What to do: No pictures in the copy. Write out the listing below exactly.

Data excerpt:
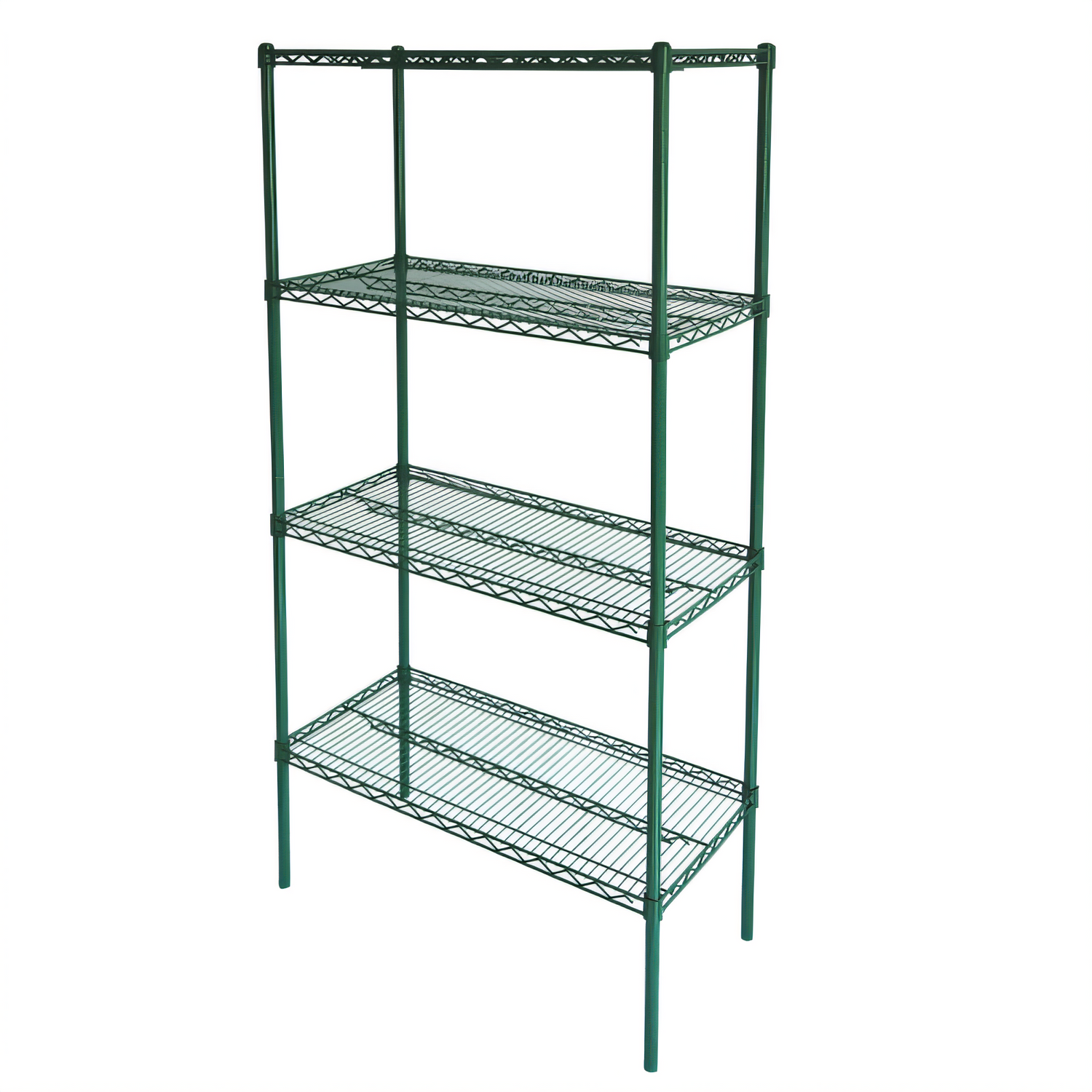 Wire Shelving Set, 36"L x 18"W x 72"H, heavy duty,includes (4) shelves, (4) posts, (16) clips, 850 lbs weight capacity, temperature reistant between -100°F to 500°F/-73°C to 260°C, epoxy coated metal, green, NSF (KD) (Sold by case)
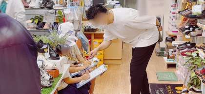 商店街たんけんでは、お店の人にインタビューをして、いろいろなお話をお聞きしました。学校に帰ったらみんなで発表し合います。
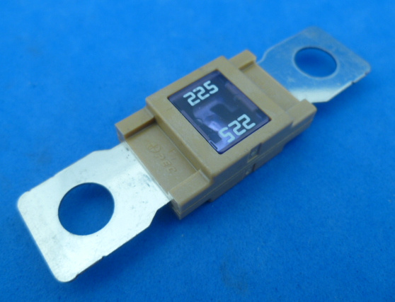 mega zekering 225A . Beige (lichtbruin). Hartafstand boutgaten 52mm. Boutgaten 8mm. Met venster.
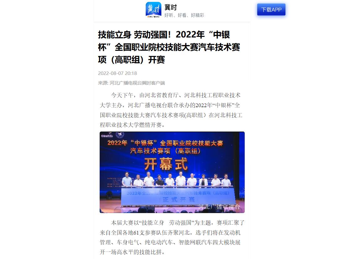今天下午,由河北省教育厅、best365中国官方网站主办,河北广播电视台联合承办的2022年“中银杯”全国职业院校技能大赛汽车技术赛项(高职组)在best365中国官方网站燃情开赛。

Output of the exercise:
 Wire Shelving Set, 36"L x 18"W x 72"H, heavy duty,includes (4) shelves, (4) posts, (16) clips, 850 lbs weight capacity, temperature reistant between -100°F to 500°F/-73°C to 260°C, epoxy coated metal, green, NSF (KD) (Sold by case)
 商店街たんけんでは、お店の人にインタビューをして、いろいろなお話をお聞きしました。学校に帰ったらみんなで発表し合います。
 mega zekering 225A . Beige (lichtbruin). Hartafstand boutgaten 52mm. Boutgaten 8mm. Met venster.
今天下午,由河北省教育厅、best365中国官方网站主办,河北广播电视台联合承办的2022年“中银杯”全国职业院校技能大赛汽车技术赛项(高职组)在best365中国官方网站燃情开赛。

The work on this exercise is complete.